Document Type

Article

Publication Date

2024

Abstract

During the Fall 2023 semester, 15 law (Outside) students from the University of Pittsburgh School of Law and 13 incarcerated (Inside) students from the State Correctional Institution – Greene, in Waynesburg, Pennsylvania, took a full semester class together called Issues in Criminal Justice and Law. The class, occurring each week at the prison, utilized the Inside-Out Prison Exchange pedagogy, and was facilitated by Professor David Harris. Subjects include the purposes of prison, addressing crime, the criminal legal system and race, and issues surrounding victims and survivors of crime. The course culminated in a Group Project; under the heading “improving the criminal legal system,” students selected the topics of improving prisons, improving prosecution, and improving criminal defense.
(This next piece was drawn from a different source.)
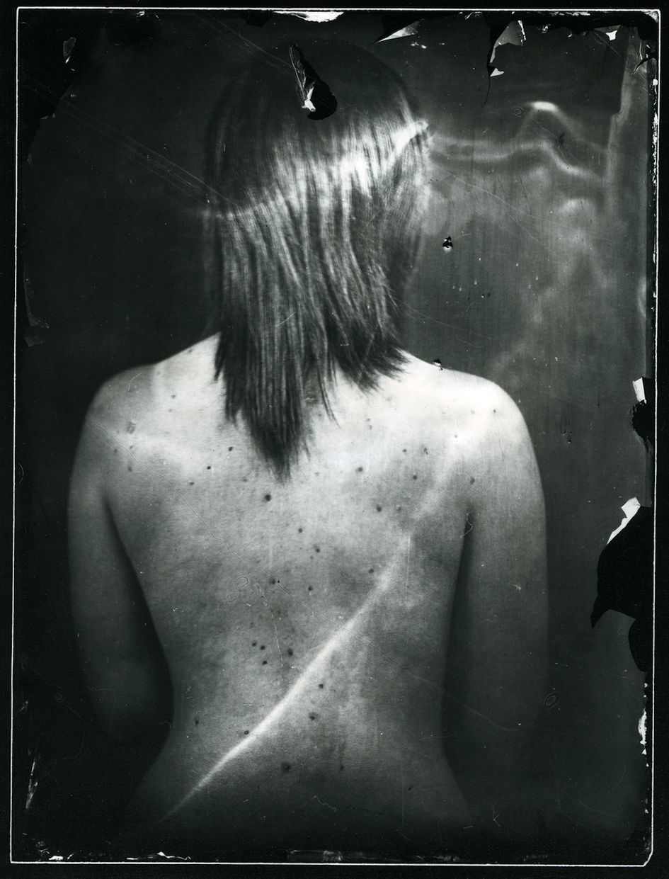 Gálos László szintén középgenerációs alkotó, aki polgári szakmája szerint boncmester, de az elmúlt évtizedben a nedves kollódiumos eljárással dolgozó közösségnek is meghatározó tagja lett. Számos önálló kiállítása volt itthon és külföldön is, a legkülönbözőbb koncepciók mentén, de a technikaválasztása egységes: szinte kizárólag nedves kollódiumra dolgozik. Tudatosan építi pályáját, számos pályázattal ért el sikereket, többször megnyerte az NKA alkotói ösztöndíját, rezidenciaprogramon is részt vett a Kimonos Art Centerben26. A fotográfián belül elsősorban az aktfotózás és az emberi test foglalkoztatja, ebben a kategóriában többször díjazott alkotó. Foglalkozik a kollódiumos fotók installációs oldalú újraértelmezésével is, előadóművészeti kollaborációkban is részt vesz. Különösen a kortárs tánc és a fotóhoz köthető performanszok érdeklik27, az L1 Egyesület tagja28.

The frame of “improving” these aspects of the system marked a deliberate choice; while many members of the class argued that the system as a whole or particular parts of it were beyond redemption, the task was to find ways to address the most egregious shortcomings as the systems currently exist.

This paper represents the ideas and approaches that all of the members of the class proposed, explored, and hammered out across weeks of work together. Were all of the suggestions here to be implemented, the class concedes that the system would not be even close to perfected. But the class believes these suggestions would result in considerable improvement, a more humane system, and a greater degree of fairness.